Maybe you feel beat up and sore a couple days after a lift. You can look back and see what you ate and what your calories were to get a good idea of how this may be affecting you.
Maybe you haven’t gained or lost weight for the last 2-3 weeks. You can look back and see how many calories you were averaging.
I’ll be honest, it’s a pain in the ass when you first start. However, once you get the hang of it, it becomes second nature. In fact, you’ll find that you eat a lot of the same things on a regular basis, which makes tracking even easier.
Here are some things that I use to help get you started:
Calorie Counter– You can use any one you want. I just searched Google and found this.
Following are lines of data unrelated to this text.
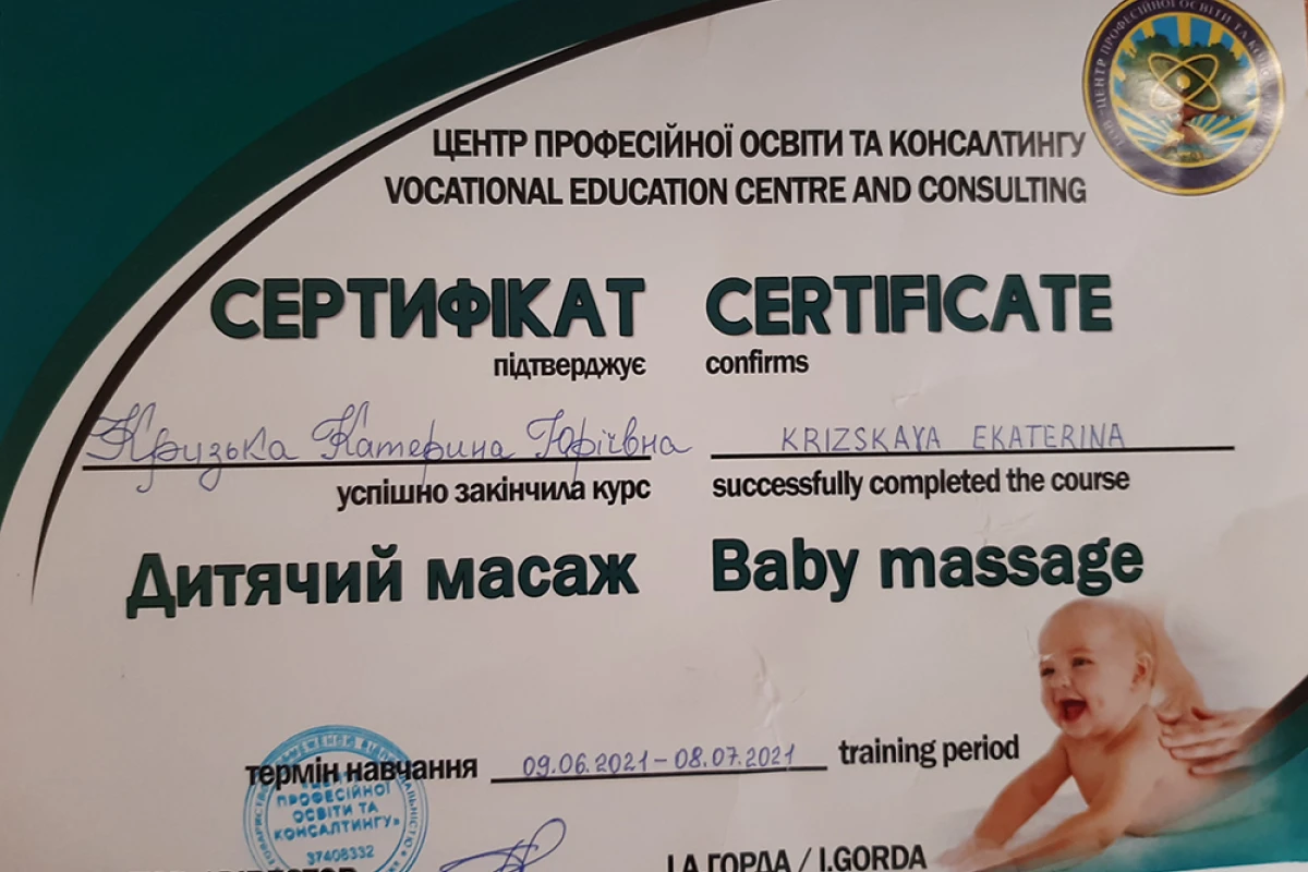 Дуже вдячна Катерині Юріївні за професійний підхід та чуйність! Проходила курс масажів як сама, так і привозила двохмісячного сина - залишилась задоволена в обох випадках! Малюк добре працював під час масажів, покращились фізичні вміння. А моя спина сказала «дякую» після постійного підіймання малюка. Щиро рекомендую! Читати докладніше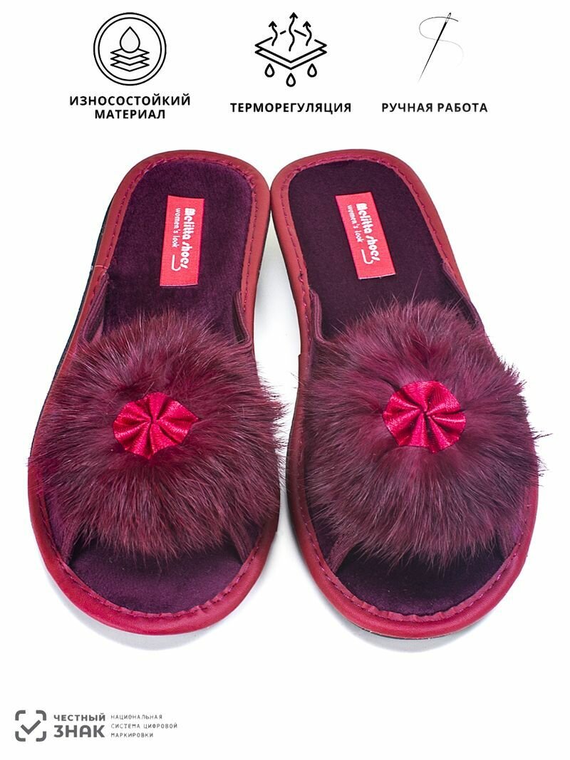 Тапочки melitta shoes, размер 37, =23,5см, бордовый 1 130 ₽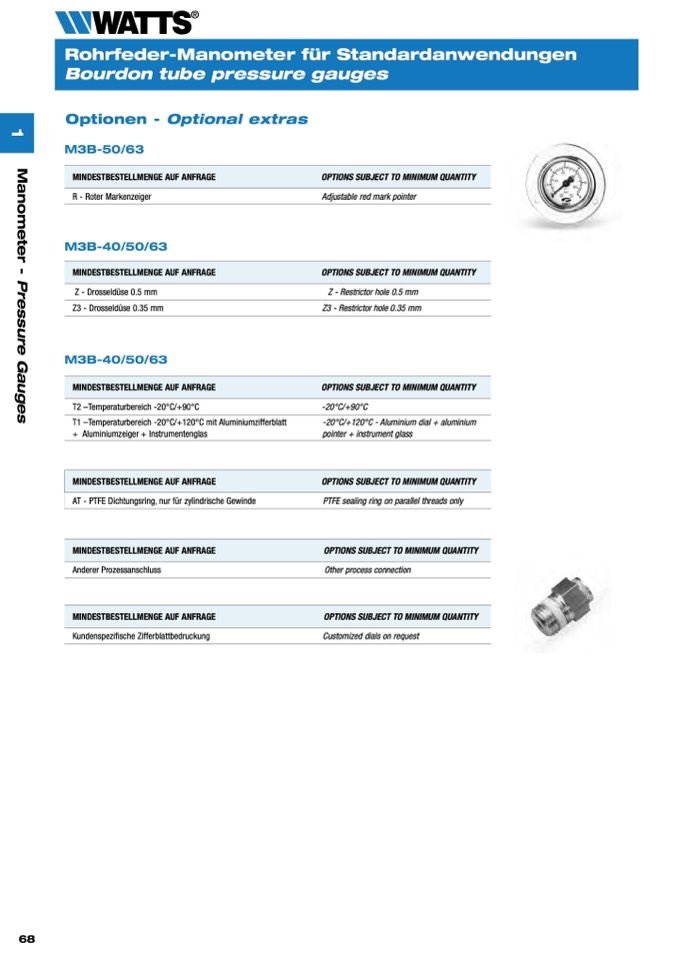 T1 –Temperaturbereich -20°C/+120°C mit Aluminiumzifferblatt

Excel Worksheet– This is the exact Excel file my super talented wife built for me. I’ve included a sample day to give you an idea of how I record things.
Supertracker– recommended below in a comment left by Oliver, a Nutrition & Food Science Masters student at Hunter College. Here’s a quick video on how to use it:
Alright, that’ll wrap things up for today.
One more quick reason to track your foods/Cals that I may write about in a future post- food allergies/sensitivities.
You may not respond well to certain foods (from a digestive standpoint). For instance, I’ve found that when I eat gluten I get bloated, gassy, and generally feel like crap. I’ve also found that when I’m having issues with my Ulcerative Colitis, gluten makes the symptoms worse.
How did I find these things out?
You guessed it- by tracking and monitoring my diet.